Harvey melukis setiap hari dan 10% dari karya lukisannya dijual untuk mendanai organisasi lingkungan yang dipimpinnya. Dia juga menciptakan serial TV berjudul Portraits of the Deep untuk menunjukkan pada penonton tentang ikan-ikan yang bermain dan pentingnya ikan bagi kelestarian lingkungan.

“Untuk melihat warna ikan-ikan yang menyala, bergerak, dan agresif, mungkin merupakan salah satu yang paling menakjubkan bagi penyelam,” ujarnya.

Video-video penyelaman yang menampilkan ikan-ikan di lautan lepas itu ditayangkan di toko-toko dan restoran-restorannya, tempat Harvey juga memasang lukisan-lukisannya di dinding. Di jaringan restoran seafood miliknya, Harvey hanya menyajikan jenis ikan yang tersedia dalam jumlah berkelanjutan di alam.
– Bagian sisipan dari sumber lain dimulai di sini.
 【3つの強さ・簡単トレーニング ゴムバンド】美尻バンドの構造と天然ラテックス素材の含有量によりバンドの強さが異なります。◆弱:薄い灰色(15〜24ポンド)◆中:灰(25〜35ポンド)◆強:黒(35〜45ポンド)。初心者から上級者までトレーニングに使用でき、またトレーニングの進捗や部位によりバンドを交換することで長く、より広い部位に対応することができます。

Harvey melarang jaringan restorannya menyajikan menu yang berbahan sirip ikan hiu atau paus.



Melalui GHRI, Harvey membantu mempelopori teknik-teknik baru dalam merekam perilaku ikan di bawah air serta menciptakan sistem untuk mengamati mereka dari jarak jauh.

Saat ini pakar lautan itu turut membantu upaya melindungi hiu dari perburuan. Hiu-hiu diburu secara ilegal untuk diambil siripnya yang berharga mahal di pasar. Harvey memperingatkan, jika jumlah hiu berkurang, keseimbangan samudera yang rentan dapat terancam.
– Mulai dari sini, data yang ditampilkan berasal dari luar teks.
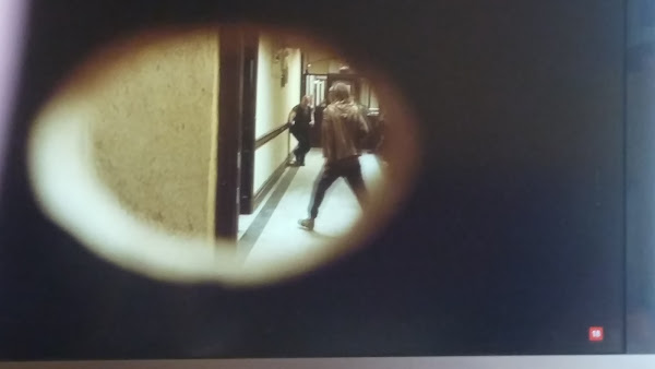 Mathilda llega a casa, ve lo que pasa y pasa de largo la puerta de su casa, es una chica lista
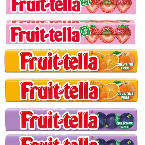 Fruit-Tella Strawberry (Pack Of 2), Blackcurrent (Pack Of 2), Orange (Pack Of 2) Flavour Chewy Toffee Stick (6 x 32.4g) – Fast Shipping to USA & Canada
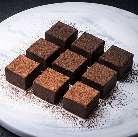 みずみずしい食感のゴールドレーズンをボルドー産の貴腐ワイン・ソーテルヌでマリネし、カカオ70%のビターチョコに包まれた一粒。ミルク、ホワイトの限定品に加えて、新作のライチをアソートに。さまざまなバリエーションをお楽しみください。

Harvey juga menekankan bahwa hiu-hiu terancam bahaya di Teluk Meksiko karena tumpahan minyak BP. Dia khawatir, ikan-ikan lain juga turut menanggung resiko dari tumpahan minyak tersebut. Tidak menunggu lama, Harvey telah melakukan penggalangan dana melalui penjualan kaus untuk mendanai riset tentang dampak tumpahan minyak terhadap ikan-ikan di laut.
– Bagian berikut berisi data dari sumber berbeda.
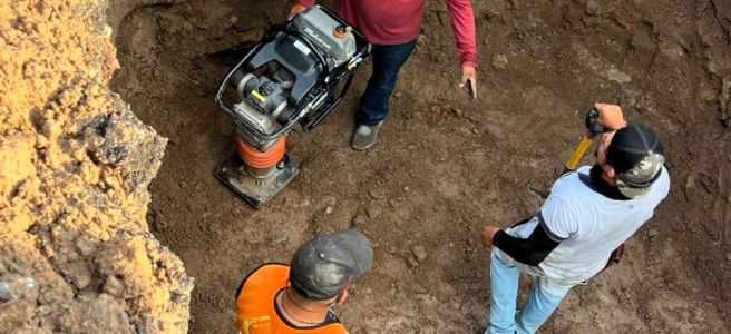En turnos diurnos y nocturnos, las cuadrillas trabajan en la estabilización del terreno mediante el relleno con grava de 1.5 pulgadas, con procesos de compactación y nivelación que garanticen seguridad y durabilidad en la superficie intervenida.

“Kita belum tahu kapan tragedi tumpahan minyak ini berhenti atau sejauh apa dampaknya serta bagaimana ini mempengaruhi kehidupan di samudera,” kata Harvey.

Dari berbagai sepak terjangnya sebagai penyelam, pelukis, ilmuwan, dan pengusaha, Harvey ingin mengajak publik semakin peduli dengan ikan dan kelestarian ekologi maritim. “Ikan hanyalah binatang berbau amis bagi sebagian besar orang. Mereka memiliki daging yang empuk yang bisa dinikmati di piring atau Anda membelinya dalam bungkus plastik dan ikan itu mati, dingin, serta berbau. Mereka merupakan predator lautan yang perlu kita hormati,” ujarnya.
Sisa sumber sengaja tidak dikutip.